Mister Brisbane: How I won Lotto
The limo, limelight, champagne and cucumber sandwiches were — briefly — all mine
Update: Sadly, I was not one of the two winners who shared the $120 million pot on February 24. But I did win $10.80 which, I assure you, will not change my life.
With a record Powerball prize looming, it’s a good opportunity for me to tell you about the time I won Lotto.
It was in the early noughties and I remember it well. How could I forget?
A gleaming white limousine pulled up outside my place and I was whisked off to Gold Lotto headquarters in Woolloongabba, where I was feted with small cakes, bubbly and a very large cheque.
Sadly, the cheque was worthless, and I soon returned to my office richer for the experience, but not in the bank account where it really counts.
I was working for the Sunday Mail at the time, and I was writing a feature article about what it’s like to win Lotto.
I learned that the winner doesn’t actually get their hands on the money for two weeks, but they are given a leaflet with advice about financial management.
I also learned that some freshly minted millionaires love the full-on limo-and-champagne experience, but others want a more low-key experience.

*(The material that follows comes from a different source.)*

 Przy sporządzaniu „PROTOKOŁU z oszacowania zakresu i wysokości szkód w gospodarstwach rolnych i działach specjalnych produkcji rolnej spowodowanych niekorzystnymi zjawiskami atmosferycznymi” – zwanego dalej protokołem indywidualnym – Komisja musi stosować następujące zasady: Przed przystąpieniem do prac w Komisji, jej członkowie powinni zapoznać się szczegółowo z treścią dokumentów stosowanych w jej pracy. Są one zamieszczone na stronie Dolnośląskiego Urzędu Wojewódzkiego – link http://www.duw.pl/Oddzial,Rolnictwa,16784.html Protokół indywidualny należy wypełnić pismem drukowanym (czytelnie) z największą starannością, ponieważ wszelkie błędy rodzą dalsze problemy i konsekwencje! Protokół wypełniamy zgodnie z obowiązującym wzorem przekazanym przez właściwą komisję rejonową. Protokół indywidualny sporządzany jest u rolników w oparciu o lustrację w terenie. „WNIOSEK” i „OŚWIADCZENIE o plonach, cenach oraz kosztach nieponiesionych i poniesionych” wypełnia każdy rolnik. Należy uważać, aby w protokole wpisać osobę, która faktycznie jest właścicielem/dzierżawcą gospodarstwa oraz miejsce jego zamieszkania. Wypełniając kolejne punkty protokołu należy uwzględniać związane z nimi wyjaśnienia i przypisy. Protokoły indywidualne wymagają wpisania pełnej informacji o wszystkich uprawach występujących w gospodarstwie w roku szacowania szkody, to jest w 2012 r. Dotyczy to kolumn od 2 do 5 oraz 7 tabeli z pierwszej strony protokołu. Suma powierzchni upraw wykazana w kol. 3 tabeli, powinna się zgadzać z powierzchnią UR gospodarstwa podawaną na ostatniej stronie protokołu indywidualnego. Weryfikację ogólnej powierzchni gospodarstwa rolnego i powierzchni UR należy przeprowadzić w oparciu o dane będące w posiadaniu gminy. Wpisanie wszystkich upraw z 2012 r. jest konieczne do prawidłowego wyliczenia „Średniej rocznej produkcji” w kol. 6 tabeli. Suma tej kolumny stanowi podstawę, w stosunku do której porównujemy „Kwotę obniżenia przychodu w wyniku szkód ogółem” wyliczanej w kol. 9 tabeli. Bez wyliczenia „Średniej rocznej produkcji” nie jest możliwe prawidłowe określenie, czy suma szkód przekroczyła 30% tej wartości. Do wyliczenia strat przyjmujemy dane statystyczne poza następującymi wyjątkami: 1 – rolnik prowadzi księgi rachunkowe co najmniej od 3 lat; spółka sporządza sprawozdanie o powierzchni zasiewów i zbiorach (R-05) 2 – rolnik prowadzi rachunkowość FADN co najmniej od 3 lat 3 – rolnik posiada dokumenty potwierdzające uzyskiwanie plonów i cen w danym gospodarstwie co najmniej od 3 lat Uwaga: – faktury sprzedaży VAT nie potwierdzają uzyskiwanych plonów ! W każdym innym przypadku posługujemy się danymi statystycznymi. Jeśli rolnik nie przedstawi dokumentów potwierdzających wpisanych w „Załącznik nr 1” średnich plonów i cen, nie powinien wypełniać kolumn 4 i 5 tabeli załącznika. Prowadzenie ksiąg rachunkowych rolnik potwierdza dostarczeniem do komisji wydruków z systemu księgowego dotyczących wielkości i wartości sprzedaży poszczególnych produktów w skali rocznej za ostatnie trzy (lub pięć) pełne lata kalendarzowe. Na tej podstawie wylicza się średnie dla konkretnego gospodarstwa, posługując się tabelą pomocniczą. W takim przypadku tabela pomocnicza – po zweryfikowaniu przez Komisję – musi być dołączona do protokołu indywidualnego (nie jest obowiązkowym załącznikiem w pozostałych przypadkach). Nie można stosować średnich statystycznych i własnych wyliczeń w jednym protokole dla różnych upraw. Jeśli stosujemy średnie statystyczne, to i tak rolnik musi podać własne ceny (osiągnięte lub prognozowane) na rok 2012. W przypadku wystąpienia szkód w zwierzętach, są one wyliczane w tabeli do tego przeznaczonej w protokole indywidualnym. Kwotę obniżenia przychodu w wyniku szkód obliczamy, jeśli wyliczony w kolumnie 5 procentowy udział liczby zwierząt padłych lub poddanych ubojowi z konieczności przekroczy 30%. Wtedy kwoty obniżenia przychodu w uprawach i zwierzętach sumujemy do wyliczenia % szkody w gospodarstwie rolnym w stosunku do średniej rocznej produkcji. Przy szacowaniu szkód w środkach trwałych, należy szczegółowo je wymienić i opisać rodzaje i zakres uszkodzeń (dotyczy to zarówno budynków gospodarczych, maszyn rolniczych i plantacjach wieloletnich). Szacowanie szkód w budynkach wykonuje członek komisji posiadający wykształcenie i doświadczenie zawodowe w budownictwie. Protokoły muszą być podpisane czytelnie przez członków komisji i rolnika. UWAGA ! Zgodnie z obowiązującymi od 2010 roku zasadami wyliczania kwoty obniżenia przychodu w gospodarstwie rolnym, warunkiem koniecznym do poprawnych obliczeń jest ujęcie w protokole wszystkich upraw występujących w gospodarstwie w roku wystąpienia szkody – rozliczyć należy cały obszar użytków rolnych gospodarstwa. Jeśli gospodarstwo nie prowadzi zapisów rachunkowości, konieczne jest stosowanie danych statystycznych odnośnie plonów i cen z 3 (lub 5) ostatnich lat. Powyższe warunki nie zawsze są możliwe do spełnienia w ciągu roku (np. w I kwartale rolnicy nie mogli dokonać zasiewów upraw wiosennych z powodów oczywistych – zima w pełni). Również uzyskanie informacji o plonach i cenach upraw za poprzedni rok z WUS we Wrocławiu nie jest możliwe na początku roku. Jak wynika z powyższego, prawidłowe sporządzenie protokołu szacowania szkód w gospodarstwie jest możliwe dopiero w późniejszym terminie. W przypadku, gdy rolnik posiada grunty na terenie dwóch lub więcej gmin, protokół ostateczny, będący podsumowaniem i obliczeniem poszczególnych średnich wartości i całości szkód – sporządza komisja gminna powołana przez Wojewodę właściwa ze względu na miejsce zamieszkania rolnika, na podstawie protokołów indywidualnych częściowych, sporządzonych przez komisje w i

One bloke didn’t even bother to turn up — he sent his accountant instead.
And I learned that many registered winners simply don’t believe it when they get the phone call telling the of their good fortune. They think it’s a wind up.

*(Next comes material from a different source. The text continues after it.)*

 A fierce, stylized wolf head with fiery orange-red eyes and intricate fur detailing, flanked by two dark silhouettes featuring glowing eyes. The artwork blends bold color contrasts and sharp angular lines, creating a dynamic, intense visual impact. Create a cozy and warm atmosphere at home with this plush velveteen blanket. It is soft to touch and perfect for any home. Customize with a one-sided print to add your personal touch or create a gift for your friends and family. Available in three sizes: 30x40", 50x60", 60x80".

In those circumstances, the Lotto people used to advise the recipient to look up the number for the Golden Casket office in the phone book (remember those?), call it and ask for the person they’ve just been speaking to.
I imagine it doesn’t really sink in until you see all those zeroes on your bank statement and you’re wondering what you’re going to do with the rest of your life.
It’s here that I must caution that my chances of winning Lotto — and yours — are very slim indeed.
A mathematician told me that nobody in his line of work plays the lottery because they know the odds are stacked against them.
And a friend of mine, who refuses to gamble at all, reckons Lotto is “a tax on the greedy”. Or, in his less charitable moments, the stupid.
That may be true. But when I buy a ticket in the lottery, or an art union, I’m buying permission to wonder about the life I might live, and the things I could so for myself, my family, my friends and for other good causes.
As another friend says: “What do the people who don’t buy Lotto tickets think about as they drift off to sleep at night?”
P.S. What would you do if you did win $120 million? And who would you tell? Would you keep it a secret from everyone, even your nearest and dearest?
P.P.S. Buying Lotto tickets is gambling. Don’t spend what you can’t afford to lose.